Cynthia Heinz, a former member of the neighborhood homeowners association in Vero Beach, said the family had moved twice within the neighborhood since they lost their home to foreclosure a few years back. Before the family moved, they lived around the corner from Heinz. Records list the family has having previously lived in West Palm Beach and Fort Pierce.

"I used to see the mom walking around. She would accompany her youngest son when he went out to play," she said. "She was always very sweet"

Heinz told The Associated Press she rarely saw Moner Abu-Salha or his older brother, who were already teenagers by then.

She said Michelle Abu-Salha, the mother who dressed conservatively in a traditional Hijab over her hair, was always friendly, as was her teenage daughter, who went to school with Heinz's son. Heinz said she had less contact with Abu-Salha's father.

A youth league statistics website listed Moner Abu-Salha as playing for the Indian River Warriors basketball team in 2007.

Abu-Salha's former Vero Beach neighbor Bill Miller told The Washington Post (http://wapo.st/1mQc6qs) his son used to play basketball with Abu-Salha, and that Abu-Salha was once suspended from school for fighting after some boys made fun of his mother's clothing.

Another neighbor, John Knudsen, told WPTV in West Palm Beach that the family was "super nice" to his daughter, who used to cut their lawn.

"I still can't believe it," Knudsen said. "This whole thing is crazy."
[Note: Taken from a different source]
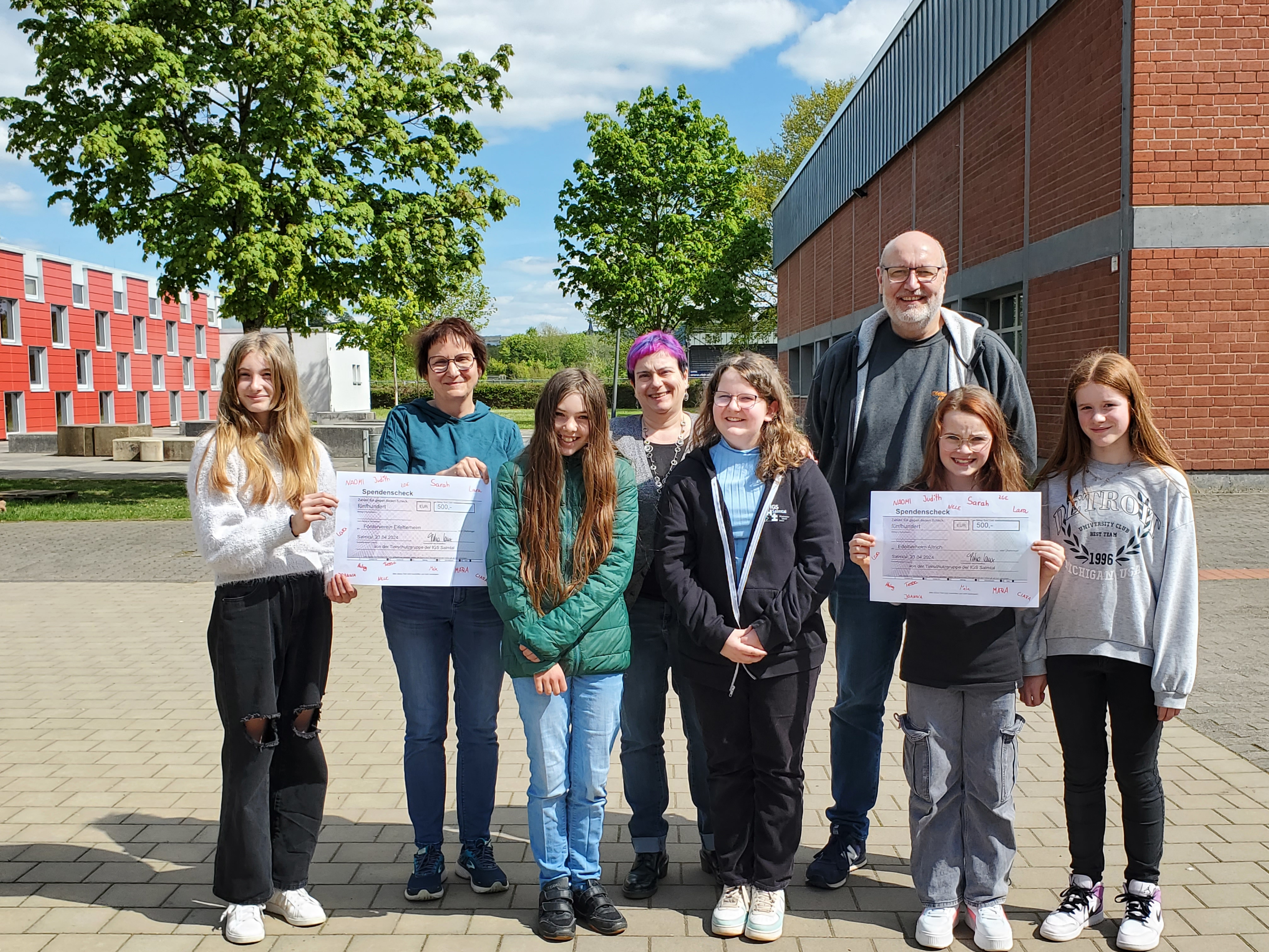 Am 23. April besuchten Herr Kordel (Eifeltierheim Altrich) und Frau Zimmer (Förderverein Eifeltierheim) die Tierschutzgruppe der IGS Salmtal. Bei verschiedenen Aktionen sammelten die Schülerinnen stolze 1000 Euro für den Tierschutz, die sie zu gleichen Teilen an die beiden Organisationen spendeten.

An Associated Press reporter knocked on the door at an address for the family in Vero Beach but was told to leave by a sheriff's deputy.
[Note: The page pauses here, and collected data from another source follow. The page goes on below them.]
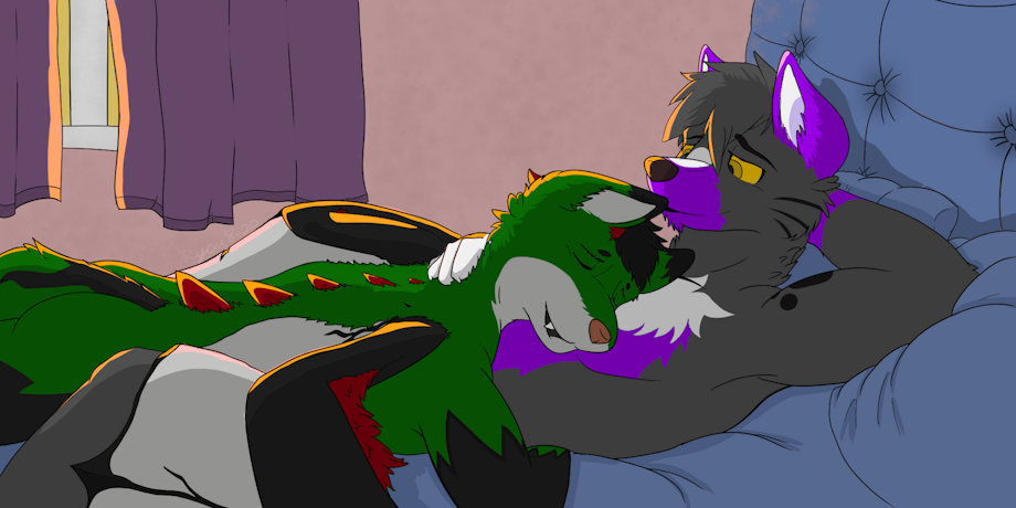 A very precious commission for Lilac Wolf of himself and his boyfriend, with Lilac enjoying the view of his boyf passed out.
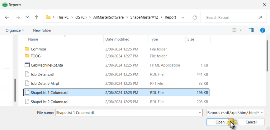 Select the required report (normally sorted under relevant folders) and click 'Open'. Alternatively, simply double click on file name to generate.
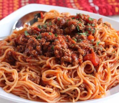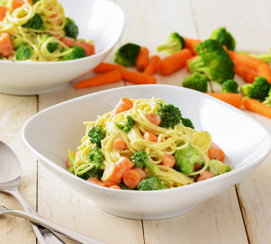 Spaghetti mixed with carrot, broccoli, corn, and cucumber

Seminole State College of Florida confirmed in a statement that Abu-Salha enrolled in the school in August of 2011 but never graduated and that he previously attended Keiser University and Indian River State College.

College Spokesman Jay Davis said the school's last contact with Abu-Salha was in February of 2012, when an adviser tried to contact Abu-Salha. He did not know if the outreach had been successful.

At least 160,000 have died in the fighting between government and opposition forces seeking the ouster of Syrian President Bashar Assad.

Opposition forces had identified the man who carried out a May 25 truck bombing outside a restaurant in the government-held northwestern city of Idlib as Abu Hurayra al-Amriki and said he was a U.S. citizen. The name al-Amriki means "the American." It wasn't clear how many people died in the bombing.

Opposition rebels with the al-Qaida-linked insurgency al-Nusra Front said Abu-Salha's truck contained 16 tons of explosives to tear down the restaurant known as a gathering site for Syrian troops.

The truck bombing was one of four by suicide bombers who attacked over the course of a day in the area in Idlib province.

Asaad Kanjo, an opposition activist based in the town of Saraqeb in Idlib province, said he heard that Abu-Salha arrived in Syria a few months ago and tore up his American passport upon arrival.

Kanjo said even a local commander with the Nusra Front was surprised about Abu-Salha. Kanjo said the commander remarked that many people try hard to get an American passport, and this man came here and got rid of his.